I can’t speak for a Nissan, but a few of the recent Infiniti interior I’ve been in, including my wife QX30 is excellent and fantastic even on an 8+ hours trip. The QX30 is the joint venture with the Mercedes, but other than some switch gear, a steering wheel and the shifter the interior is all Infiniti. We’ve have a friend who has Mercedes version and even they wish they bough the Infiniti which the interior and exterior, ride, and handling (all done by Infiniti) are superior to the Mercedes according them ( and I Agree). It’s actually some of the Mercedes bits like how the cruise works (hers does not have the radar cruise that is by Infiniti ), and how the stupid door lock/door handle work, or should I say don’t work right(Same as the way they were on my E320 a few years ago).
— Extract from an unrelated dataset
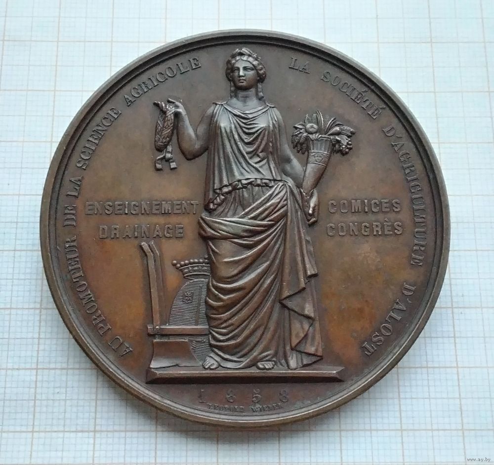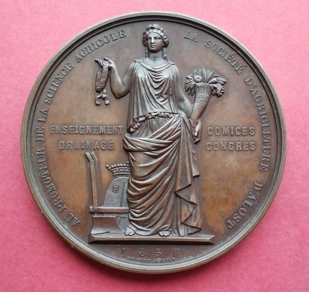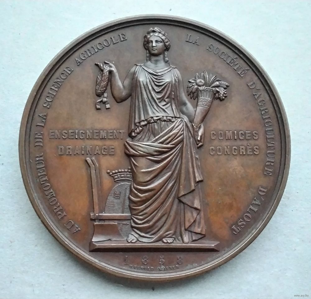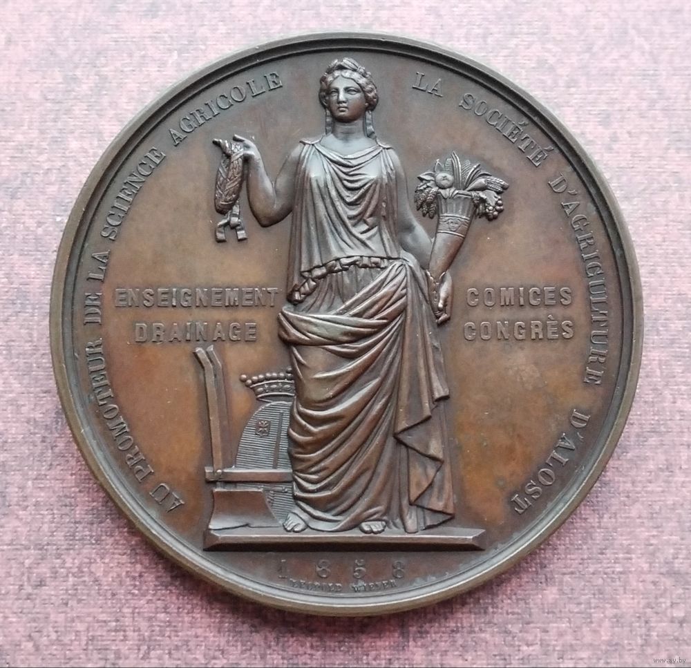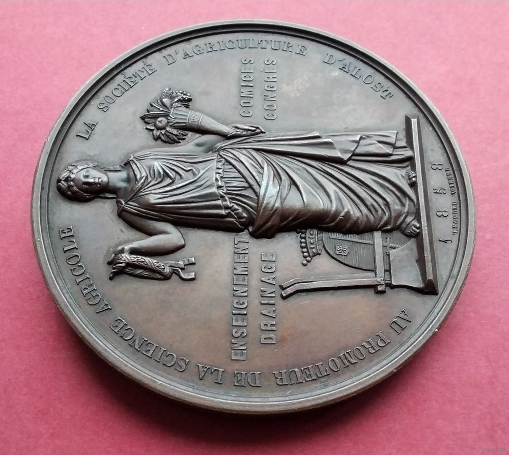 Бельгия 1858 г. За популяризацию сельскохозяйственной науки. Сельскохозяйственному обществу Алости. Медный сплав. Диаметр - 68 мм. Вес - 126 гр. Оригинал.

I understand Infiniti fixed this now. The nav works excellent and other menus seem pretty easy to navigate. It could use Apple Car Play though. The space foam used in Infiniti seats( and Nissan) is some of the best. Excellent comfort over long mile while not being too hard or too soft.
Not quite equal to the few Jags(5 total) we have had including my current F Type, but very few are. Some recent releases by them (
Including the SUV) don’t look like Jags or at least what we expect from a Jaguar.
Interiors are personally the reason I’ve never owned a BMW. I guess it is what you are use to? Some of the Jag things made no sense at first, but became natural in a week or two.
For SUV the Acura RDX A-Spec had one of the best interiors short of a top end Range Rover when I was last out driving things.
Sometimes our criteria are based on strange requirements. My recent truck search required it to fit in my garage so it had to be less than 20 foot long. I chose the Honda Ridgeline out of that pack since it seems far more in-tune for what I want for our third vehicle. It’s the Swiss Army knife of Trucks.